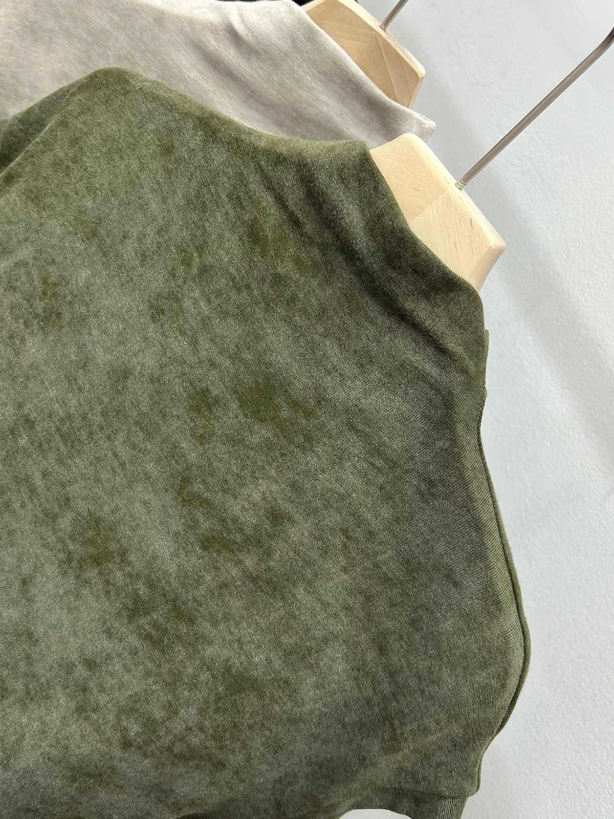 디자인 센스 틈새 세련된 타이 다이 탑 세미 하이 넥 반팔 티셔츠 여성의 2024 년 여름 새로운 플라잉 슬리브 베이스 셔츠스토어 가기
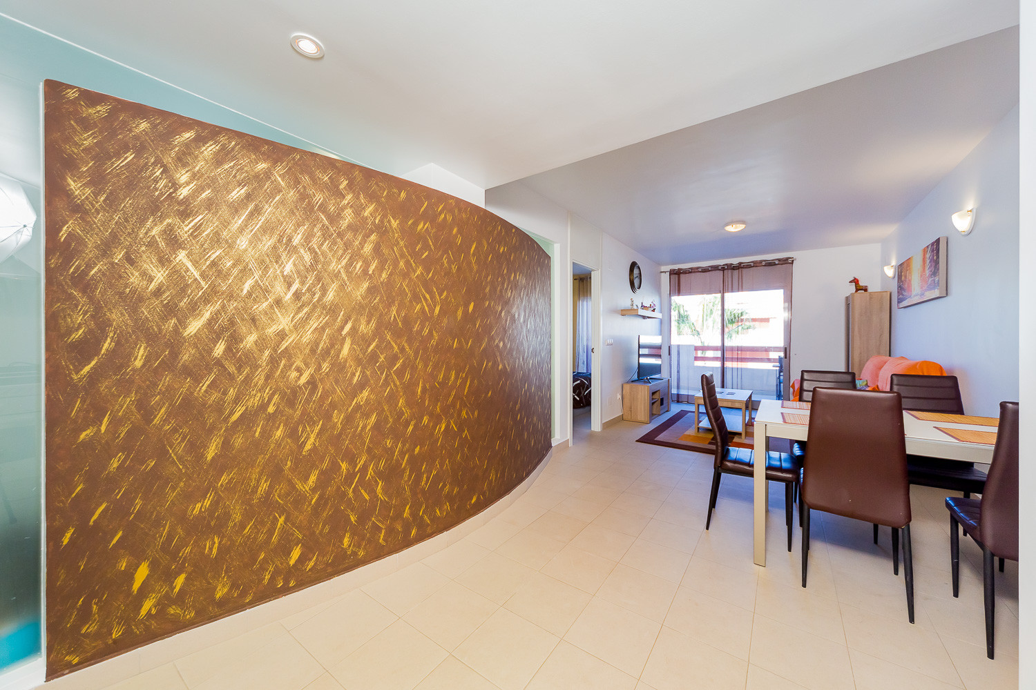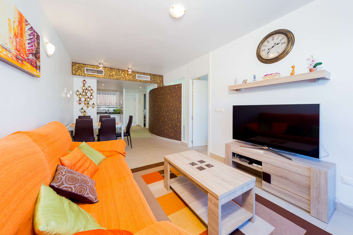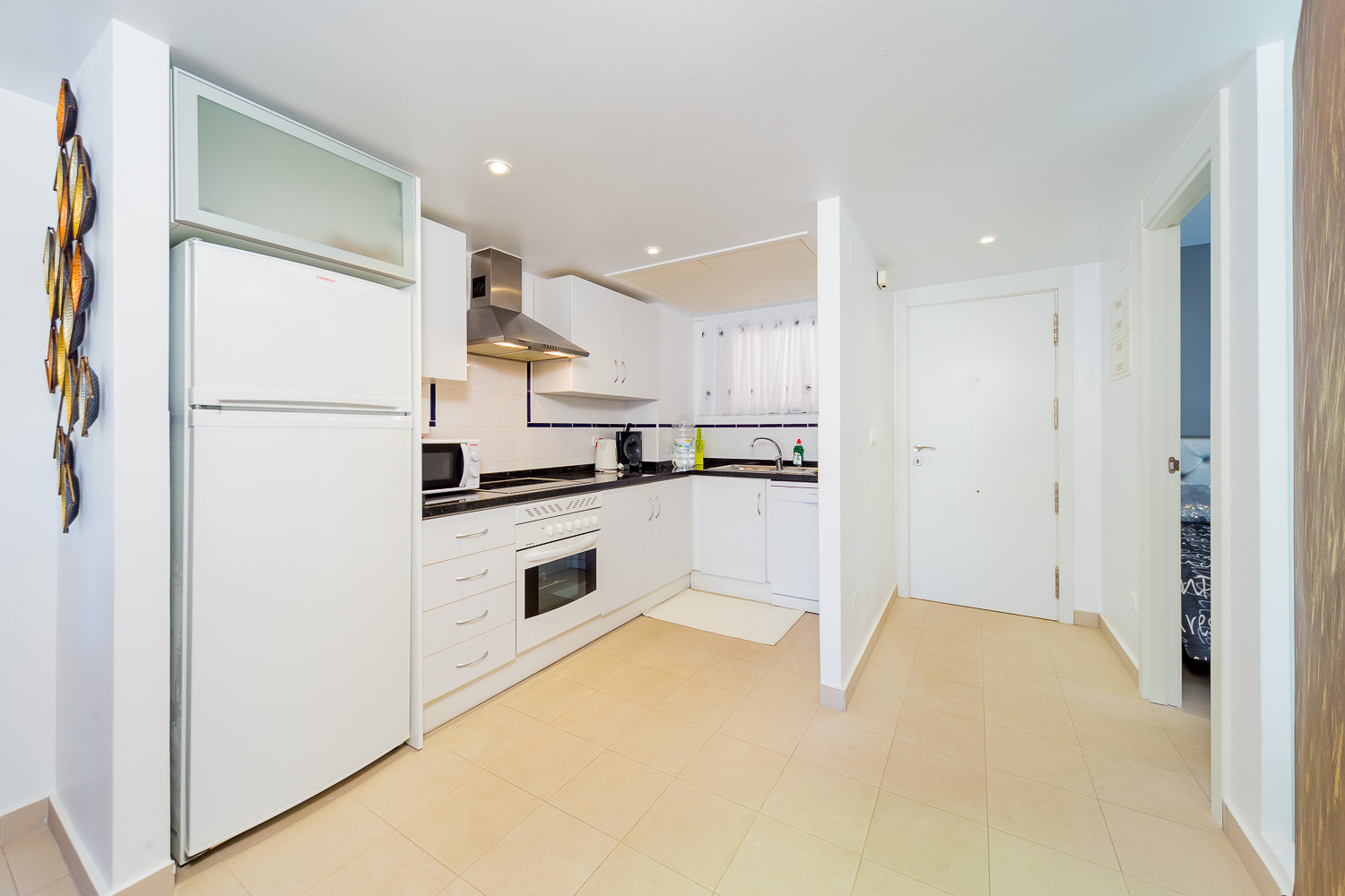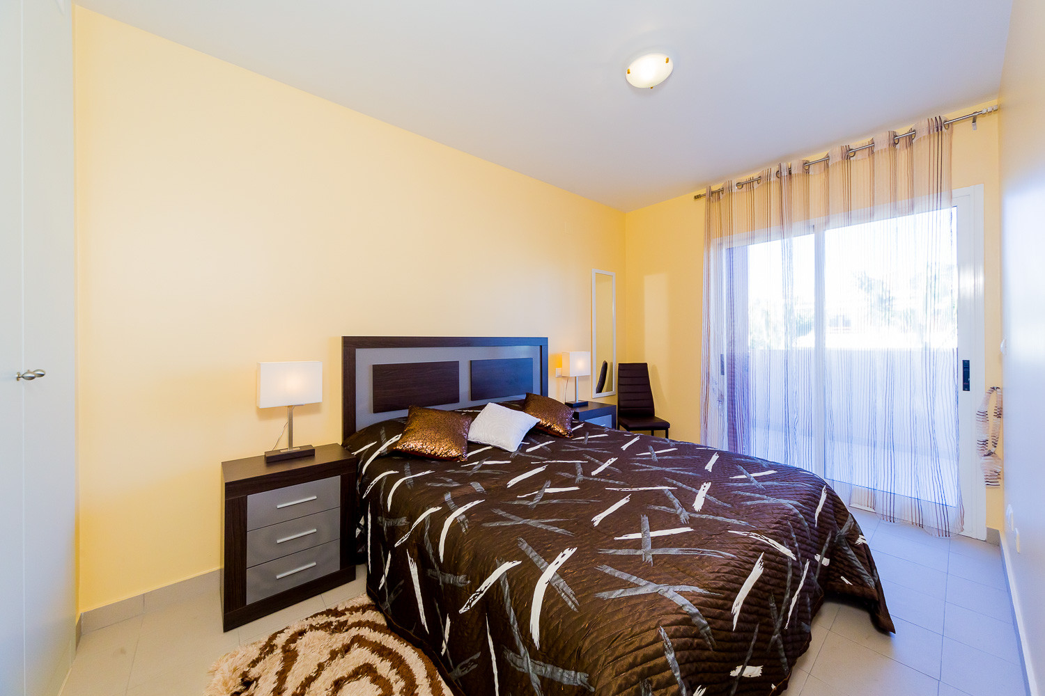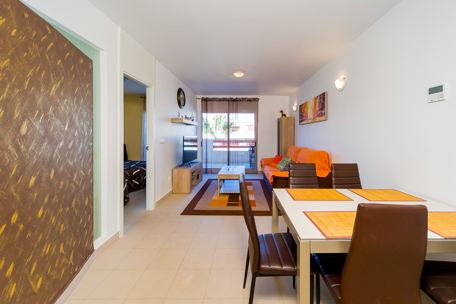 A modern apartment located in a popular area with a lovely green area and two communal swimming pools in Playa Flamenca. It is spread out over 82 m2 and consists of two bedrooms with their own bathrooms, salon, kitchen, utility room and terrace with views of the pool, area and urbanization. Upstairs there is a private solarium complete with a BBQ, which overlooks the sea and the pool also. The apartment is equipped with new furniture (beds with orthopaedic mattresses), electrical appliances (including dishwasher and washing machine, coffee maker, juicer and toaster), bed linen and towels. The terrace and the solarium have outdoor furniture, beds and folding chairs. There is central air conditioning and a TV with Smart-TV. There is also a parking place on the complex. It sleeps up to 4 people No pets are allowed and smoking is prohibited in the apartment. Nearby there are many bars and restaurants also in walking distance is a large supermarket LIDL, Super COR and Carrefour. The Zenia Boulevard shopping complex with its array of over 150 shops, bars, eateries, casino and much more is about 20 minutes on foot. The sea is about 500 meters away.
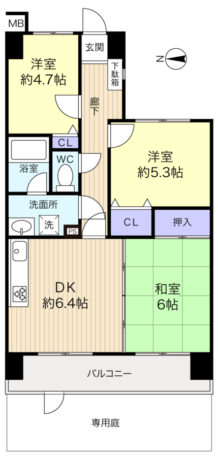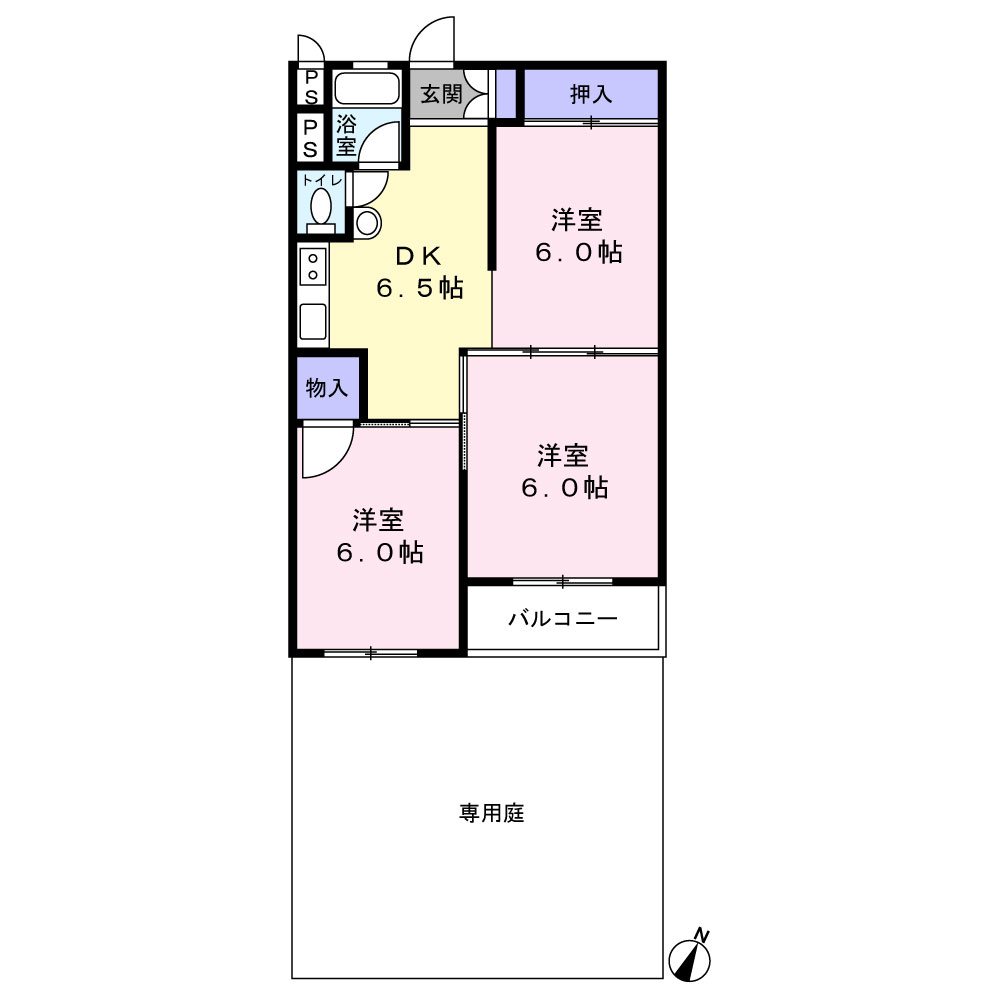 RC造5階建1階部分の住戸 専有面積約44.7㎡の3DK 戸建て感覚の専用庭付き 全室洋室タイプ 南向きにつき日当り良好 令和7年1月リフォーム実施 リフォーム実施内容(新規交換:システムキッチン・システムバス・洗面台・モニター付きインターホン/クロス・フロアタイル張替 他) 京成本線「谷津駅」徒歩...
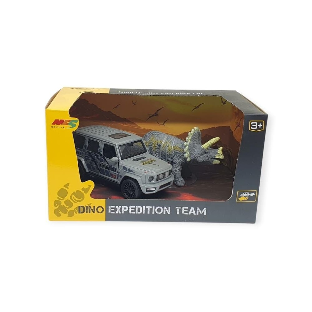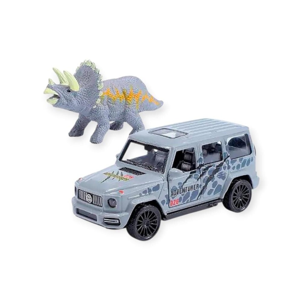 Çek Bırak Araç ve Dinazor Oyun Seti - 6843-2D- Gri Paket içerisinde 1 adet araba ve dinazor figürü bulunmaktadır. Araçların üst kısımları metal , alt kısımları plastik malzemeden üretilmiştir. Araba çek bırak özelliklidir ve kapıları manuel olarak açılabilmektedir. Araba 11 x 4 x 4 cm boyutlarındadır.
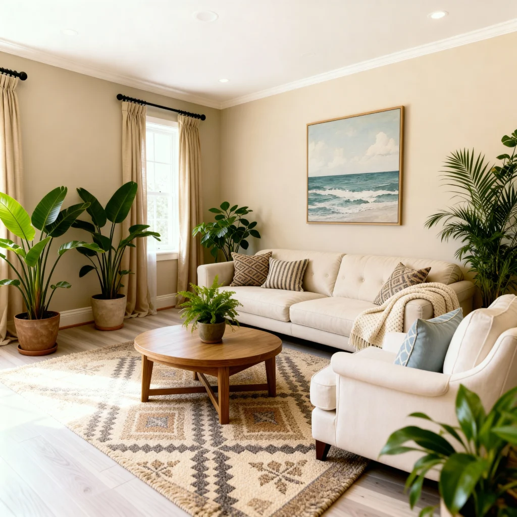 Picture cream walls with blue-and-white striped cushions, a sandy rug, and seashell decor. A driftwood coffee table seals the deal. Think beachy but chic.
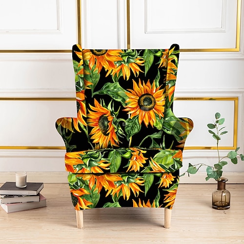 Copripoltrona con schienale alto, copripoltrona in poliestere con stampa geometrica a righe e motivi floreali, copripoltrona pieghevole alla moda, copripoltrona

Required work –
For this exercise, transcribe exactly only the lines from the one containing "RC造5階建1階部分の住戸 専有面積約44.7㎡の3DK 戸建て感覚の専用庭付き" through the end of the listing, inclusive, without the pictures.

Response to the task –
 RC造5階建1階部分の住戸 専有面積約44.7㎡の3DK 戸建て感覚の専用庭付き 全室洋室タイプ 南向きにつき日当り良好 令和7年1月リフォーム実施 リフォーム実施内容(新規交換:システムキッチン・システムバス・洗面台・モニター付きインターホン/クロス・フロアタイル張替 他) 京成本線「谷津駅」徒歩...
 Çek Bırak Araç ve Dinazor Oyun Seti - 6843-2D- Gri Paket içerisinde 1 adet araba ve dinazor figürü bulunmaktadır. Araçların üst kısımları metal , alt kısımları plastik malzemeden üretilmiştir. Araba çek bırak özelliklidir ve kapıları manuel olarak açılabilmektedir. Araba 11 x 4 x 4 cm boyutlarındadır.
 Picture cream walls with blue-and-white striped cushions, a sandy rug, and seashell decor. A driftwood coffee table seals the deal. Think beachy but chic.
 Copripoltrona con schienale alto, copripoltrona in poliestere con stampa geometrica a righe e motivi floreali, copripoltrona pieghevole alla moda, copripoltrona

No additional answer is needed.